Every morning Dr. Barcia was checking the “barometer” of his clinic.

Torrevijea.1png

In 10 minutes he could get an overview of the hospital’s “Rhythm of Business” through Florence, the hospital management system designed by Miguel Ortiz, CIO of the hospital, together with his 8 team members.

Among 400 Key Performance Indicators (KPI) the patients’ satisfaction was of the highest priority. Each patient‘s complaint was registered and analyzed by the system. Doctors, not squeezed with the limits of standard protocols, were focusing on the outcomes: the effective cure and the ultimate patient satisfaction. Their experience were captured by the system: every opinion matters.

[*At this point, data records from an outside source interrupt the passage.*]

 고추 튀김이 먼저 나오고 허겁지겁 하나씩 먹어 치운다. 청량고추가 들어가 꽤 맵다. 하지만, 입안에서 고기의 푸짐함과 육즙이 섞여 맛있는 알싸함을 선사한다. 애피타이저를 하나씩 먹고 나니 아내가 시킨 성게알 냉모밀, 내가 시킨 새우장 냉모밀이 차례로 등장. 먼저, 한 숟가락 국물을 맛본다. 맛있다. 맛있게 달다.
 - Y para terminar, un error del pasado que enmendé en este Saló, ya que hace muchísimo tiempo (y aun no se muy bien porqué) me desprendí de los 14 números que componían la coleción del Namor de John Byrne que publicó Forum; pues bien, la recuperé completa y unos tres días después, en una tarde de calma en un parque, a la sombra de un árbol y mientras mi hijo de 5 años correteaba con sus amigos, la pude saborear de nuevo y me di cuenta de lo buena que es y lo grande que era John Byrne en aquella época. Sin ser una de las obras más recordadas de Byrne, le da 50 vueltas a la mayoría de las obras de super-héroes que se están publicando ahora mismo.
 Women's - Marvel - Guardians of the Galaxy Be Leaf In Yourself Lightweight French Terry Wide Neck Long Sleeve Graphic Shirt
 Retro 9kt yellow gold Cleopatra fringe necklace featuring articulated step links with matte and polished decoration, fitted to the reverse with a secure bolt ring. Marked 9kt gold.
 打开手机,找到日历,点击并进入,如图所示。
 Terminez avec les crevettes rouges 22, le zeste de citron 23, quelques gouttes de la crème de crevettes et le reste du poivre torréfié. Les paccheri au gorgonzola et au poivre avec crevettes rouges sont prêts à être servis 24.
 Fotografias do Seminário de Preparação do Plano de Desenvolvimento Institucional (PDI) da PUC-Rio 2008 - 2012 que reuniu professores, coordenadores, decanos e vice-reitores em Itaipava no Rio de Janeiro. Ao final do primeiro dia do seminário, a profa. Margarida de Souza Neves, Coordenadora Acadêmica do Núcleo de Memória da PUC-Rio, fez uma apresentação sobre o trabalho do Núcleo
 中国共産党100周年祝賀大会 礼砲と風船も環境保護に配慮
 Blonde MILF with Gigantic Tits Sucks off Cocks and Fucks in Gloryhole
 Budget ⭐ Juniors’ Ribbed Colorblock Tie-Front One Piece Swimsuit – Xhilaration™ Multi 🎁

Effective management supported by IT saved 327 Euro per patient. The difference Dr. Barcia reinvested in cutting-edge technologies as well as in trainings and incentives for the medical personnel. Thus, the average income of the medical staff in Torrevieja was 40% higher than across the region. That attracted skilled physicians from all over the world. Patients from private hospitals nearby were often considering moving to the Public Hospital of Torrevieja.

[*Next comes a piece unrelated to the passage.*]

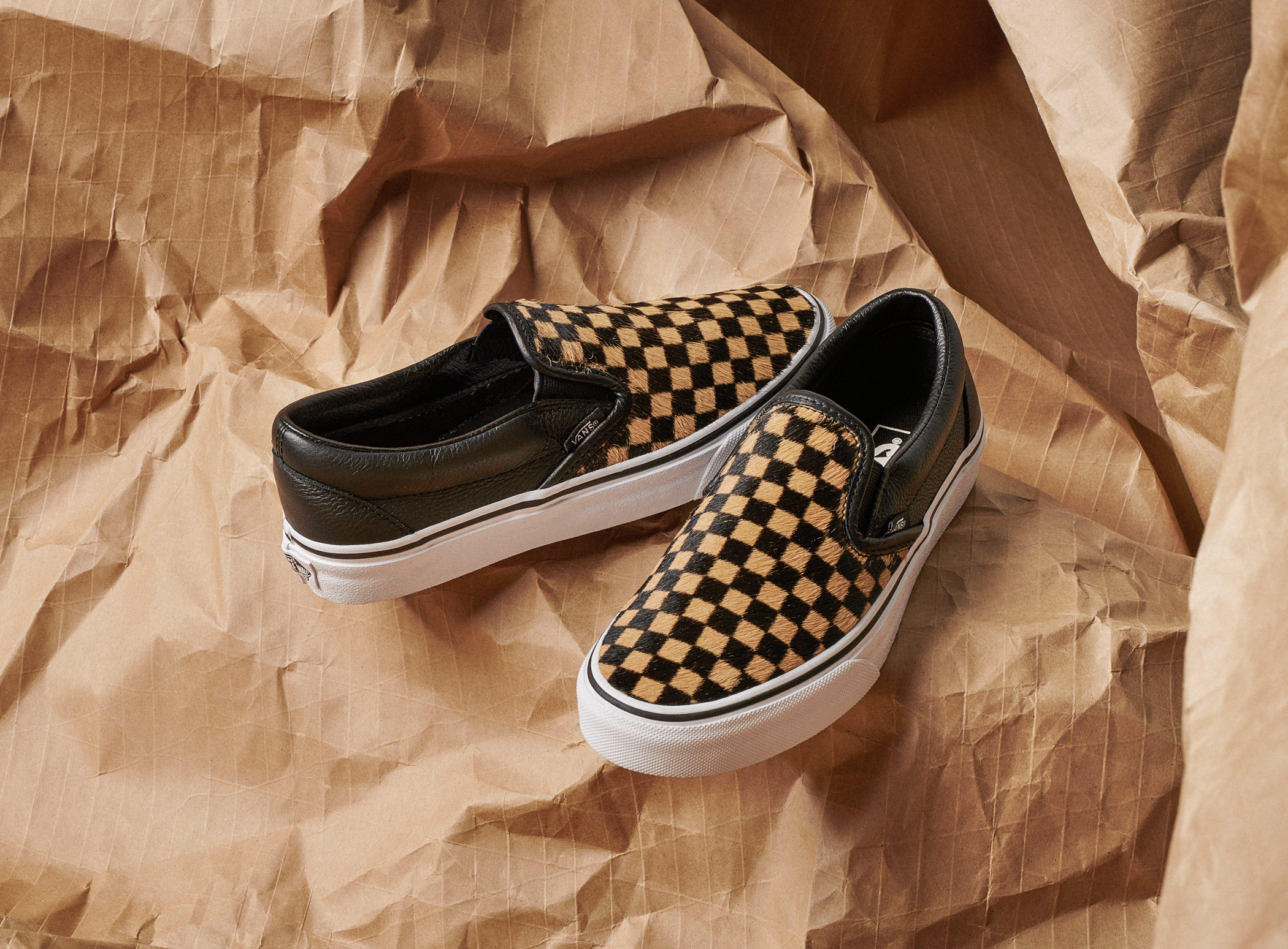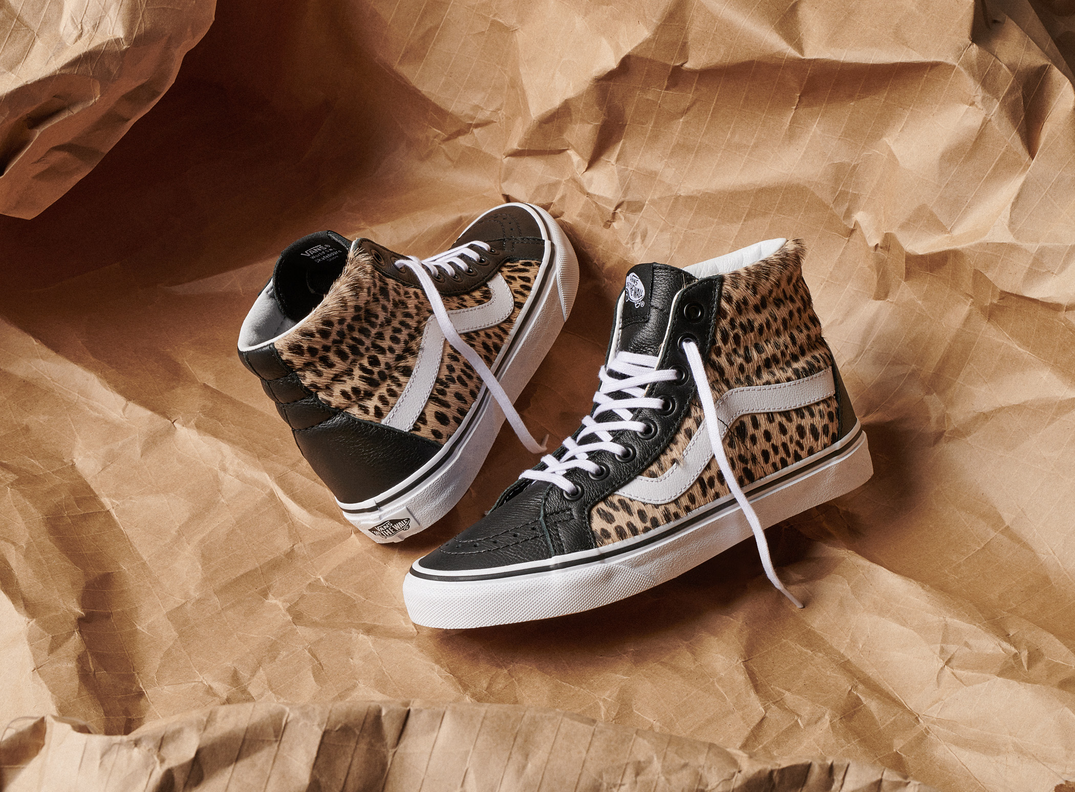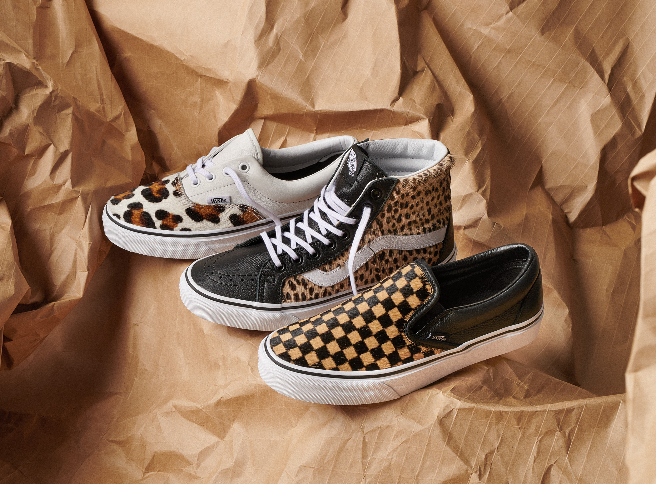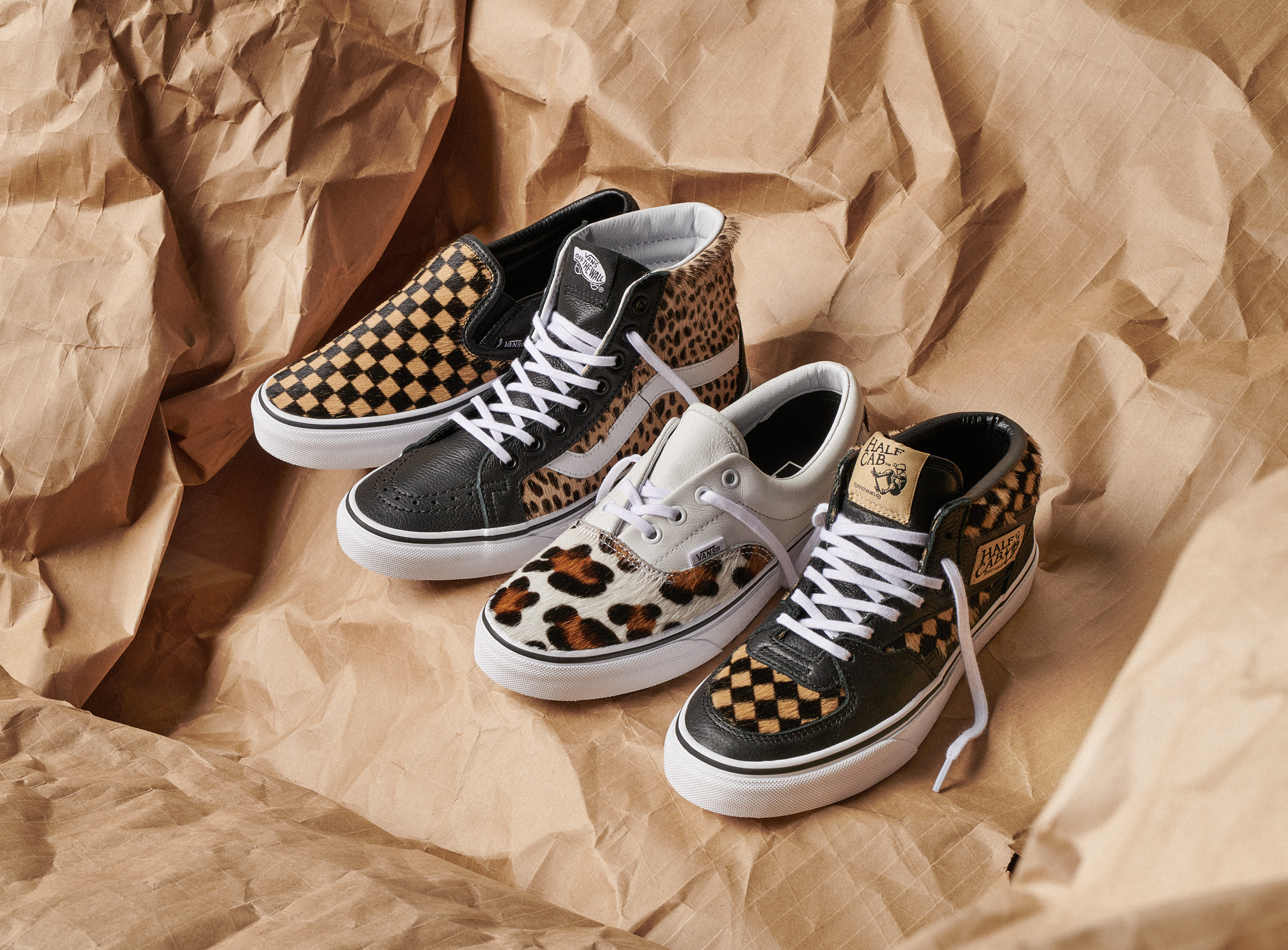Kicking off the assortment, the Sk8-Hi Reissue showcases cheetah-printed calf hair on the lateral side of the hi-top. The Sk8-Hi model is accented with black leather quarter-panels and is finished with white laces and a white leather Sidestripe. Vans’ first skate shoe, the Era undergoes a fashionable update with jaguar-printed calf hair across the heel and upper, accented with premium white leather. Vans’ very own checkerboard print has been remastered across the Half Cab and Classic Slip-On styles, giving a brand-new take on one of Vans’ most iconic prints.”

The management efficiency was reflected not only by numbers. Suddenly you noticed a doctor discussing a difficult case with a nurse, an unusual picture indeed. Observations made by the nurses were an integral and indispensable part of the care process under Dr. Barcia’s management. A nurse who feels its value transits this attitude to patients. A nurse brought food to a father while watching his sick child. In many hospitals I had visited, relatives were considered more like camels: nobody cared if they eat or drink at all.

Joint dinners of the management with medical staff was a frequent habit. Was it just a part of the Mediterranean culture or a conscious attempt to be closer to the hospital employees?

After one year under Dr. Barcia management, Torrevieja Hospital was recognized as the best middle-size hospital in Spain. Luis Barcia left after his contract with the Government of Valencia was finished. He has started a new company – A Green Cube – fully automated patient-centric IT system offered to other hospitals together with the management consultancy. Was Mr. Barcia’s management uniquely tied to his personality or is it something we can learn and replicate? I don’t know as I have never visited Torrevieja since he left.

Scenario 3. Ivory Tower.

IvoryTower

German hospitals are famous of their efficiency. I got an appointment in one of the largest University Clinics in Munich.

The geography of the hospital was so complicated that it was hardly possible to find a required location without a map. Suddenly I left busy areas with medical personnel hurrying to and fro and was immersed in the quiet comfort of spacious halls. Just one word – “die Verwaltung” (Administration) – separated me from all the fuss of the clinic. But where were all those administrators? They were invisible. One does not need to see God, just to feel his Grandeur.

Administrative departments have their distinguished style. No more minimalistic techno of the clinical areas. All of a sudden you are absorbed by the warmth and stability of expensive wooden panels, carefully carved doors and soft carpets. When some of the representatives of this “holy land” occasionally emerge in the clinical parts of the hospitals, they are obviously not always welcome. One of the doctors I was talking with, suddenly pointed at a respectable gentleman haughtily passing by and wearing a nicely cut grey suite that contrasted with doctors’ gowns. “See, this is our administrator. Don’t know what he is doing here.” The tone of her voice and the expression on her face were very clear.

A good doctor with fair management skills is probably a rare species, just as a good administrator with the medical background. People like Dr. Barcia are more an exception rather than a rule, and the system cannot dwell on the exceptions. But certainly there should be a balance of interests between those who cure and care and those who count money. The voice of medical professionals as well as patients should be heard through the impenetrable walls of administrative towers.